- Born: 15 November 1947 (age 78)
- Education: Brigham Young University (B.A.) Duke Law School (JD)
- Occupation: Law professor
- Employer: Brigham Young University

Academic work
- Institutions: J. Reuben Clark Law School

= Lynn Wardle =

American lawyer

Lynn D. Wardle is an American Emeritus Professor of Law at the J. Reuben Clark Law School of Brigham Young University. He specializes in family law, constitutional law, and bioethics.

Wardle received his bachelor's degree from BYU in 1971 and graduated cum laude from Duke University Law School in 1974.

==Legal career==
Wardle was a clerk for Judge John Sirica.

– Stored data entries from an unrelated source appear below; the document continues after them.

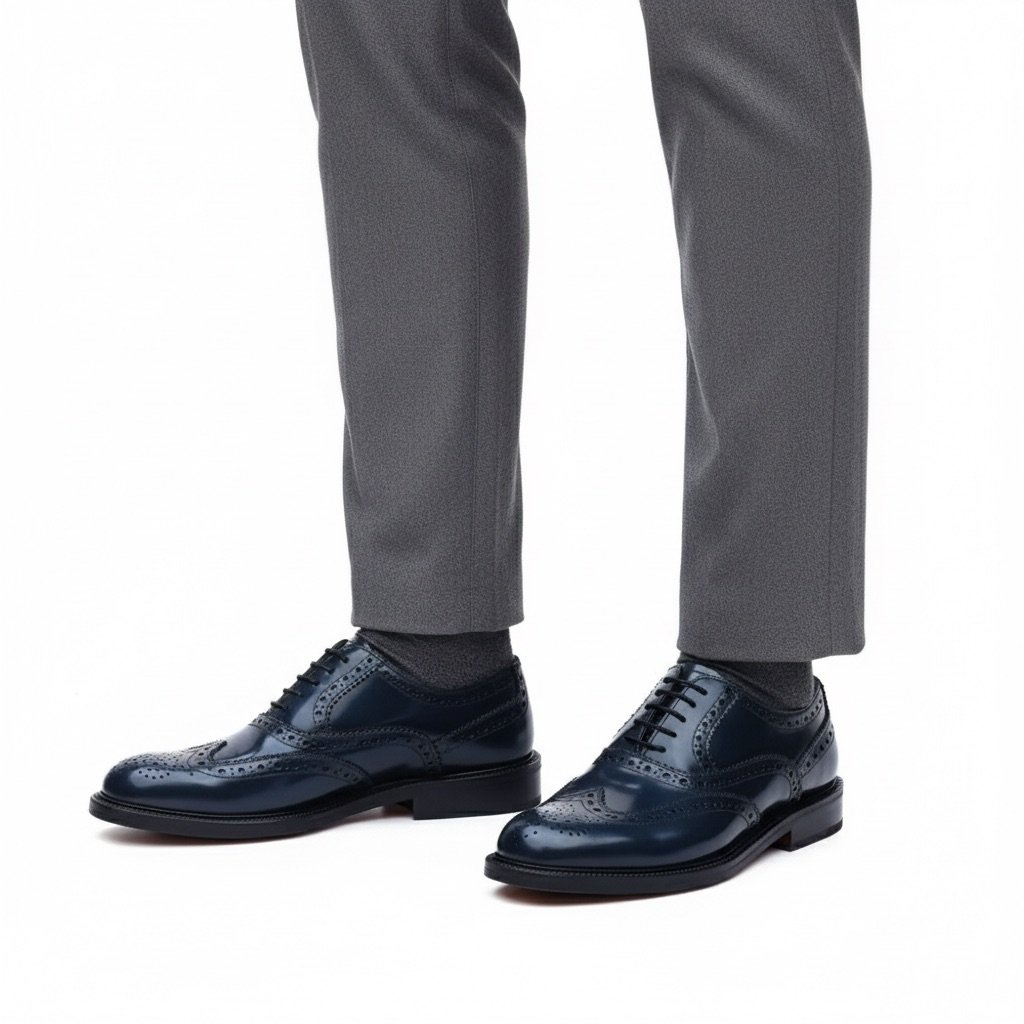 Calzatura artigianale made in Italy modello Oxford stringata, conosciuta anche come “Francesina”. Realizzata in pelle di vitello tinta a mano nel colore blu. La tomaia è resa particolare dalla lavorazione full-brogue, sulla punta presenta la foratura all’inglese sulla coda di rondine e interno rivestito in pelle. La finitura “a specchio” della pelle che rende questa scarpa unica è ottenuta con un lungo processo di spazzolatura effettuato da artigiani esperti. Interno foderato in pelle nel colore beige con logo stampato nel colore oro. Suola in cuoio con lavorazione blake, tinta a mano nel colore beige e logo corsivo inciso. Adatta per…
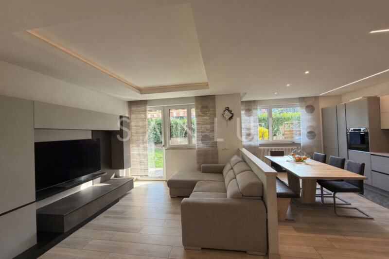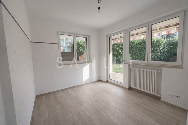 La zona giorno, luminosa grazie alle ampie superfici finestrate, offre accesso diretto alla terrazza e al giardino privato, creando un’estensione naturale dello spazio abitativo – ideale per bambini, momenti di relax o pranzi all’aperto.
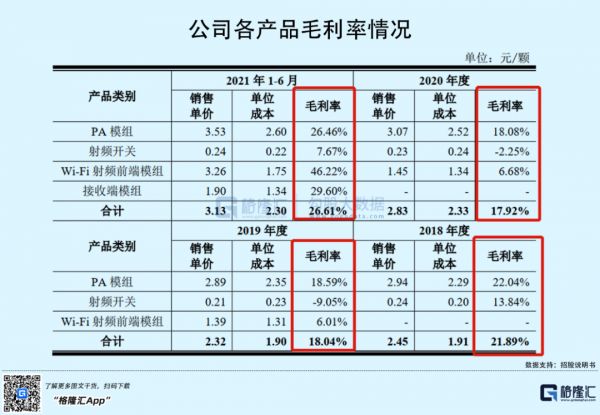 具体来看,PA模组作为核心产品,毛利率由22.04%下降至18.08%。
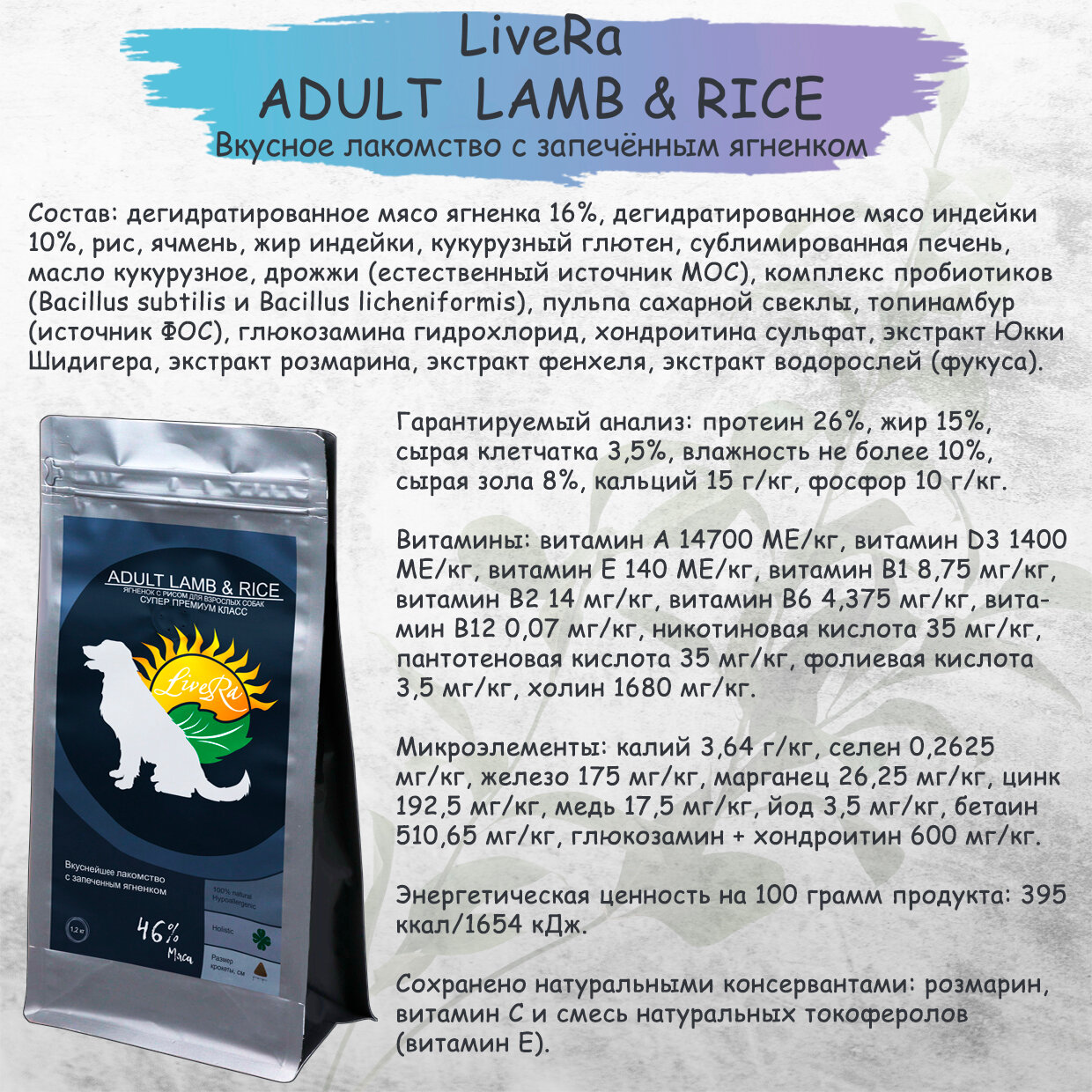 LiveRa Полнорационный сухой корм для взрослых собак Lamb & Rice, 1,2 кг - вкус ягнёнок с рисом

Lynn Wardle submitted an amicus brief to the US Supreme Court on behalf of the state of Utah during the H. L. v. Matheson trial, in support of Utah's parental notification statute requiring doctors to notify the parents of teens undergoing abortions at least 24 hours before the procedure. A discussion of his brief in the June 1983 edition of the West Virginia Law Review mentions him as a professor.

Wardle recognized during the Baehr v. Miike lawsuit that a ruling in favor of the plaintiffs could result in same-sex marriages being legalized in Hawaii, which would force Utah to recognize Hawaiian same-sex marriages (under then-current Utah state law). In January 1995 Wardle wrote memos to Utah State Senator LeRay McAllister and Utah House of Representatives member Norman L. Nielsen, urging them to propose legislation which would explicitly codify an exception for same-sex marriage into Utah's marriage recognition statue. Nielson subsequently drafted and sponsored House Bill 366 to do exactly that, which Utah legislators voted for "overwhelmingly". Wardle's proposed legislation was signed into law in Utah by Governor Mike Leavitt in March 1995, becoming the first of the state-level "DOMA Laws" to go into effect in the United States.

Wardle has testified before congressional committees in favor of the Defense of Marriage Act (DOMA) in 1996 and the Federal Marriage Amendment in April 2005. Wardle was "the only law professor to testify in favor of DOMA in either the House or the Senate". In addition to opposing same-sex marriage, Wardle also opposes allowing same-sex couples to adopt children.

As a representative of the Church of Jesus Christ of Latter-day Saints (LDS Church), Wardle has spoken regularly to the World Congress of Families, an organization that opposes legal protections on the basis of sexual orientation, opposes same sex marriage, and supports policies against homosexuality in Russia. He spoke at the 1997 WCF gathering in Prague at the 2007 WCF gathering in Warsaw, and at the 2017 WCF gathering in Budapest.

Wardle currently holds the Bruce C. Hafen Professorship at the J. Reuben Clark Law School at Brigham Young University.

Wardle was the General Secretary of the International Society for Family Law (ISFL) and later its president. He remains on its Executive Council. He also edits the Society's web site.

==Mormon studies==
In 1994 Wardle published an article in the Journal of Book of Mormon Studies on what the Book of Mormon says about dissent.